2. The instrumental politics-economics-ethics continuum revisited
Although there is some plausibility in this usage of a purely instrumental vocabulary, I want to show that there are limitations to these definitions of politics, economics and ethics. In order to avoid misunderstanding, I want to abstract from the individual level and restrict the discussion to the social level (interaction between individuals in a community). The above definitions are obviously not really relevant in the study of individual behavior. If a person is looking at the content of his wallet when trying to decide what to buy with it, he is actually establishing and pursuing ends in function of the existing means, but the nature of his behavior is clearly economic and not political.
2.1. The instrumental definition of politics revisited
Defining politics as exclusively concerned with defining and ranking ends leaves out several essential characteristics of political activities. Politicians do not only decide which goal they want to realize, they also determine how to go about this. Since the weighing of competing ends always implies some evaluation of the available means, politics can not remain neutral towards the allocation of the latter. Politicians are as frequently engaged in chosing how to employ alternative means as they are in choosing between alternative ends. Furthermore, there is the fact that political decisions have a great impact on what kind of means will be available in the future. The Treasury of tomorrow (future available means) depends on the taxes that are collected today (current goals). The insight one gains from these considerations is that politics inevitably invades in the domain of economics, as these are instrumentally defined.

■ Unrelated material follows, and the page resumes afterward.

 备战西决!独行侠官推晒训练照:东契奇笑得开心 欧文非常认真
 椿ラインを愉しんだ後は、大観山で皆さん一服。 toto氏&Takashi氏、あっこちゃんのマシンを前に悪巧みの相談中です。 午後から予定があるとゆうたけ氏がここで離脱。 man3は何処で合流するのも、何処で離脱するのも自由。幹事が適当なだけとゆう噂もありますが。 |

2.2. The instrumental definition of economics revisited
The border between politics and economics is even more blurred if one realizes that economics is often not as scientifically exact as the arguments above suggest. Modern-day positive economic analysis often remains indeterminate in finding the best way to employ means in order to attain specific ends. When, for example, politics indicates that the creation of jobs is the primary goal, economics is not able to offer a unique way of reaching this end: whether liberalizing the market or taking safeguard measures is the most effective way remains a matter for debate. Much depends on the state of the economy at hand, which is often so complex that economists are not able to make accurate predictions. It is obvious that there will be room for values (liberty versus right to income), ideologies (procedural libertarianism versus redistributive justice) and political pressures (of different interest groups) influencing the decision between the policy measures one can take to create jobs. Once again, one sees that a lot of economic decisions are inherently political in nature, in the instrumental sense of these terms.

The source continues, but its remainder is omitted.